異端の王とまで呼ばれているのなら、その剣で敵を討てばいい。
「残念ながら、君塚さん。姉も兄様も、戦いには参加しません」
「だから、何でです?一番強いのは貴女たちだ。僕は、僕にはこんな戦い、勝てるはずがない」
例えば、吸血鬼の王族。エリオット・ガーシュウィン。触れることさえままならず、手下のストリゴイに敗北した。浅川柚葉に勝てる見込みも無い。

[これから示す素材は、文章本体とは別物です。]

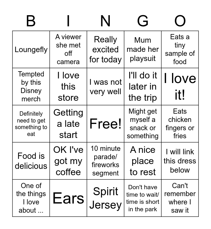 This bingo card has a free space and 24 words: OK I've got my coffee, Ears, I was not very well, One of the things I love about ..., Eats a tiny sample of food, Loungefly, Tempted by this Disney merch, A viewer she met off camera, Might get myself a snack or something, 10 minute parade/ fireworks segment, I'll do it later in the trip, Definitely need to get something to eat, A nice place to rest, I will link this dress below, I love this store, Don't have time to wait/ time is short in the park, Eats chicken fingers or fries, Really excited for today, I love it!, Getting a late start, Can't remember where I saw it, Food is delicious, Mum made her playsuit and Spirit Jersey.

どうして自分が。どうして戦わなくてはならない。願いを叶えたいと祈るだけで、命を捨てる覚悟は無かった。
答えを求めた彼女の瞳。その中には、言い知れぬ不安しか見えない。

「兄様も、姉も、もう長くはありません」

ゆっくりとエリーは天井を見上げる。横たわっているはずの、姉を求め。
「セイクリッドの寿命は極端に短いのです。特に兄様は、ひとつひとつの行動自体に負荷を必要としました。アーシュも同様です。おそらく、四十前後で天寿を終えるでしょう。剣を振るう度に上腕の神経が千切れ、魔法を唱える度に脳神経が断絶する。人間で言うならば、兄様も姉も六十代に相当します」
セイクリッドの命。聖者と呼ばれ、最強最高の能力を持って世界を治める。
その命は儚く、弱い。強大な力は、ただエンジンをフル回転させているだけに過ぎない。人が八十年をかけて使い切る命というエネルギーを、四十年間で燃焼させてしまう。

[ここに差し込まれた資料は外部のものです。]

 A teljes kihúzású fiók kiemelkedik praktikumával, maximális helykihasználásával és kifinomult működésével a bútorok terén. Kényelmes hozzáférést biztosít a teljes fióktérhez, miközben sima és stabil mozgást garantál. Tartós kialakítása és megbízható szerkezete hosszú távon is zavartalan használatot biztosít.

「まして、姉は前回の神争で右腕の神経を損傷し、右腕は動きません。兄様は脳の一部に障害を残し、今でも左眼は失明したままです。それでも、君塚さん。まだ戦えと言いますか?」
ずっと戦い続けた。前回の神争も、今回同様、激しいものだったに違いない。
勝ち抜いて、平和を掴むためにまだ戦って、今度は世界を相手に回して戦って。立ち止まることもしないで走り続けた。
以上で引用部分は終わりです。